5. After hearing both parties, I am of the following considered opinion. The main suit herein is for recovery of the defendant’s/applicant’s premises and mesne profits, among other reliefs. The motion before me is for an order that the plaintiff/respondent do reconnect power to the defendant’s premises or do allow the Kenya Power and Lighting Company to do so. In fact, prayer 2 goes a little further to require JAMES KABUE, a manager of the plaintiff, and who is not a party to be compelled to allow a technician from Kenya Power and Lighting Company to inspect and restore electric power to the premises. As stated earlier, there is also a prayer to injunct the plaintiff from disconnecting power to supply to the defendant, presumably after it is reconnected.

6. I am not persuaded by the averments in the defendant’s affidavit of 7th June 2010 that it is the plaintiff who disconnected power. But even if I were, I entertain serious doubt that the defendant would be entitled to an order to compel the plaintiff or its manager James Kabue to restore the electric power, or to allow Kenya Power and Company technicians to do so or even to injunct the plaintiff or the said Kabue from disconnecting it. I say so because, one, Kenya Power and Lighting Company which is the sole end supplier of electric power to consumers is not a party to this suit. And so is the said James Kabue. The plaintiff/respondent, I note is a limited liability company. Secondly, prayer 3 that seeks to injunct the plaintiff from disconnecting the power, presumably after it is reconnected, would be so vague an order as to bind even Kenya Power and Lighting Company who might wish to disconnect the power in the future under the supply contract with the defendant/applicant.

7. I also find that the defendant’s statement of defence dated 28th November 2007, which has not been amended, does not contain any form of counterclaim that would be the foundation to support the prayers for injunction sought in the notice of motion.

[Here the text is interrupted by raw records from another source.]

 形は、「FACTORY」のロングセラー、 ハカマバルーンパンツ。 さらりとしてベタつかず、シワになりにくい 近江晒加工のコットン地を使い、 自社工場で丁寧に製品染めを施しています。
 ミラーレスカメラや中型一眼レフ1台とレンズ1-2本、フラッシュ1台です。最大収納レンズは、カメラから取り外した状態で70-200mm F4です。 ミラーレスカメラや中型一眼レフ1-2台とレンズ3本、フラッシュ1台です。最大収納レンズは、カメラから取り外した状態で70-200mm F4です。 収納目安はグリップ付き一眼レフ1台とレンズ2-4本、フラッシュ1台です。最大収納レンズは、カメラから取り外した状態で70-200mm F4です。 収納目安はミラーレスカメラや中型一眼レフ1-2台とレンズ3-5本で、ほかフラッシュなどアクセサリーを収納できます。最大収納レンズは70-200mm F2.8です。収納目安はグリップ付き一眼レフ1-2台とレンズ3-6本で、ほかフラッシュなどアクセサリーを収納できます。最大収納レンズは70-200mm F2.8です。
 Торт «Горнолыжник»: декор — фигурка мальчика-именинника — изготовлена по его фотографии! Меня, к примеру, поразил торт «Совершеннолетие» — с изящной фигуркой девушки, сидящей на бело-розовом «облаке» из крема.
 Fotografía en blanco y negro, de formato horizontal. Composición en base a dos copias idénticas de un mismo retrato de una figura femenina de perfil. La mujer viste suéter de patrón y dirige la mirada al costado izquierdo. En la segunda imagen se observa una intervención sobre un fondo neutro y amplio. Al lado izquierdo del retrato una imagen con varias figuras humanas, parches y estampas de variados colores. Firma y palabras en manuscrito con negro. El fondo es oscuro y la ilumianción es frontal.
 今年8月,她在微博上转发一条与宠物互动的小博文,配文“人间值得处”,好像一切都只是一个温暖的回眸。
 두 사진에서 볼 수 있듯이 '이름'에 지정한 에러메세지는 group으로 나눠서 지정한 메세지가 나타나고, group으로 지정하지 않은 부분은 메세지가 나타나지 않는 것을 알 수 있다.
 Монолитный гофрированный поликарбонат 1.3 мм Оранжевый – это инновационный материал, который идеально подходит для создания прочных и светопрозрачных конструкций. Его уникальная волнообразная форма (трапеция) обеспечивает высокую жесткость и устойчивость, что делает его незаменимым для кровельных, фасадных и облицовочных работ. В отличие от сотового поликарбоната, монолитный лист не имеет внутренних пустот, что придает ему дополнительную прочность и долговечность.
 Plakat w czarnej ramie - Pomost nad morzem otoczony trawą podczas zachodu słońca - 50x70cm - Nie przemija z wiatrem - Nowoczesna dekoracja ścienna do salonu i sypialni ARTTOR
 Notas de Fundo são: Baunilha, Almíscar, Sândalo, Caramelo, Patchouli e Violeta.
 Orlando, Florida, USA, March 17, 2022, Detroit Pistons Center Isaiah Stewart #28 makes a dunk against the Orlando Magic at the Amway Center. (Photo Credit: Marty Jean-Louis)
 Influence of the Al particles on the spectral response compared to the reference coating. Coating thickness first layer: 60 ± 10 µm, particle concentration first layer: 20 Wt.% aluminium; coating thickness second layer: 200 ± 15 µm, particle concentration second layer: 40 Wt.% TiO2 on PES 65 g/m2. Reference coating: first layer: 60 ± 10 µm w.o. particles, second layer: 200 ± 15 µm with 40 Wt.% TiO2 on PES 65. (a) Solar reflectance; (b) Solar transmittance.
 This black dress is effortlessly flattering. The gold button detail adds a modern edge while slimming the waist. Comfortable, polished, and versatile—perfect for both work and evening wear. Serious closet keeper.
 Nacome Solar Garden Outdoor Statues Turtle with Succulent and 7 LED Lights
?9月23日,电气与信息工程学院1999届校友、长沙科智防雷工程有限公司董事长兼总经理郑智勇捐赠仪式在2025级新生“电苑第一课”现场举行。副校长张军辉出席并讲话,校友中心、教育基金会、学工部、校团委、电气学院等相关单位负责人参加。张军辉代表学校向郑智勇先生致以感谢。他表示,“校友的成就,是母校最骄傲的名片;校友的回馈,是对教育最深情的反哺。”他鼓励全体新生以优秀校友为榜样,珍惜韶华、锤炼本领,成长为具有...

8. Given all of those circumstances, I am unable to find that the defendant/applicant has made out a prima facie case with a probability of success or met the threshold for grant of interlocutory relief spelt out in Giella Vs Cassman Brown & Company Limited [1973] E.A 358.

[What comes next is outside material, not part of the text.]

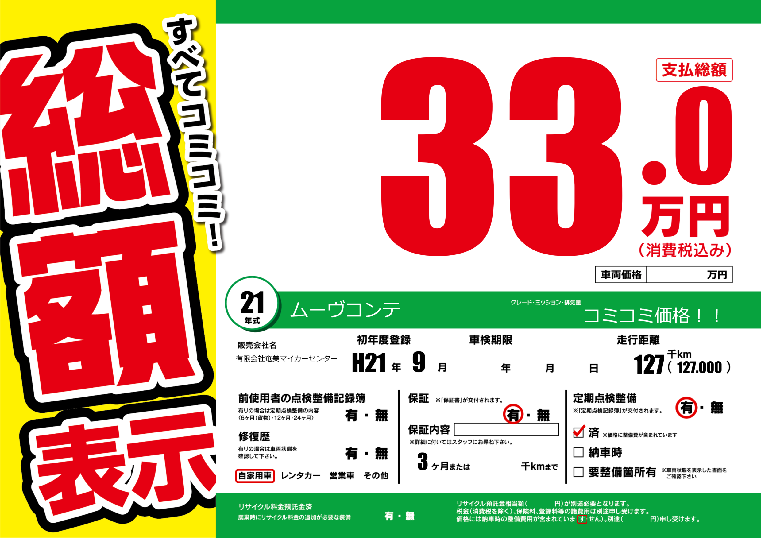 | 定期点検整備 | 定期点検整備あり 定期点検整備済み | ||
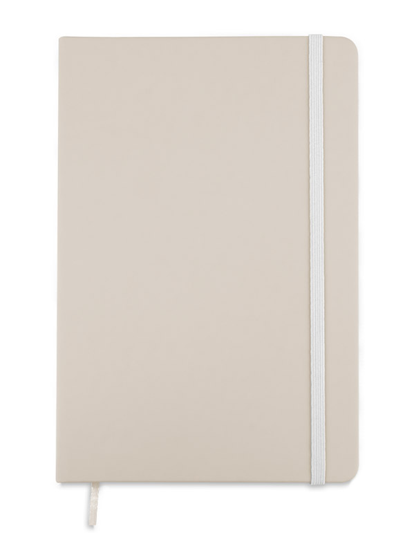 Gustowny notes A5 z kolorową gumką wykonany z materiału skóropodobnego (PU). Notes zawiera 80 kartek ecru w linie koloru pomarańczowego. Logo nadrukujemy na okładce.

9. I would thus order, which I hereby do, that the defendant’s notice of motion dated 7th June 2010 be dismissed with costs to the plaintiff.

It is so ordered.

DATED and DELIVERED at NAIROBI this 4th day of November 2011.

G.K. KIMONDO

JUDGE

Ruling read in open court in the presence of

No appearance for Plaintiff

Mr. Gakaria for Chokaa for Defendant.